Data to examine Start Marker

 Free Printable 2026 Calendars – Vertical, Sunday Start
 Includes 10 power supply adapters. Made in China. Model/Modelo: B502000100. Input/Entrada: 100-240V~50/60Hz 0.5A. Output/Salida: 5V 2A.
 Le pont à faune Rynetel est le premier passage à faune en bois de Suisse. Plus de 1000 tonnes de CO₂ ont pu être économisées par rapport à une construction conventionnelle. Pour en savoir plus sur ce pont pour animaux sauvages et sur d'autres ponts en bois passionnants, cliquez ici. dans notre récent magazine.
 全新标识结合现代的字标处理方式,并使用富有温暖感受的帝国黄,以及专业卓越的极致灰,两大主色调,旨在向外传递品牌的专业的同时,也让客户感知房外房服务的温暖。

Data to examine End Marker
Data to examine Start Marker

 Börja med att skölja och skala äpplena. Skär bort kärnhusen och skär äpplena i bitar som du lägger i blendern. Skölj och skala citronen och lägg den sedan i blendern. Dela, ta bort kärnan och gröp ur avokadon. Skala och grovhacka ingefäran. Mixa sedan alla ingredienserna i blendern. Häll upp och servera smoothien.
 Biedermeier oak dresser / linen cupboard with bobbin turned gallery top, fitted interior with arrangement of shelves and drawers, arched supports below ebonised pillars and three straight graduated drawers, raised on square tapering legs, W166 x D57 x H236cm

Data to examine End Marker

Extract exactly and only the lines above from the line containing "Free Printable 2026" through the line containing "全新标识结合现代的字标处理方", both end lines included.

 Free Printable 2026 Calendars – Vertical, Sunday Start
 Includes 10 power supply adapters. Made in China. Model/Modelo: B502000100. Input/Entrada: 100-240V~50/60Hz 0.5A. Output/Salida: 5V 2A.
 Le pont à faune Rynetel est le premier passage à faune en bois de Suisse. Plus de 1000 tonnes de CO₂ ont pu être économisées par rapport à une construction conventionnelle. Pour en savoir plus sur ce pont pour animaux sauvages et sur d'autres ponts en bois passionnants, cliquez ici. dans notre récent magazine.
 全新标识结合现代的字标处理方式,并使用富有温暖感受的帝国黄,以及专业卓越的极致灰,两大主色调,旨在向外传递品牌的专业的同时,也让客户感知房外房服务的温暖。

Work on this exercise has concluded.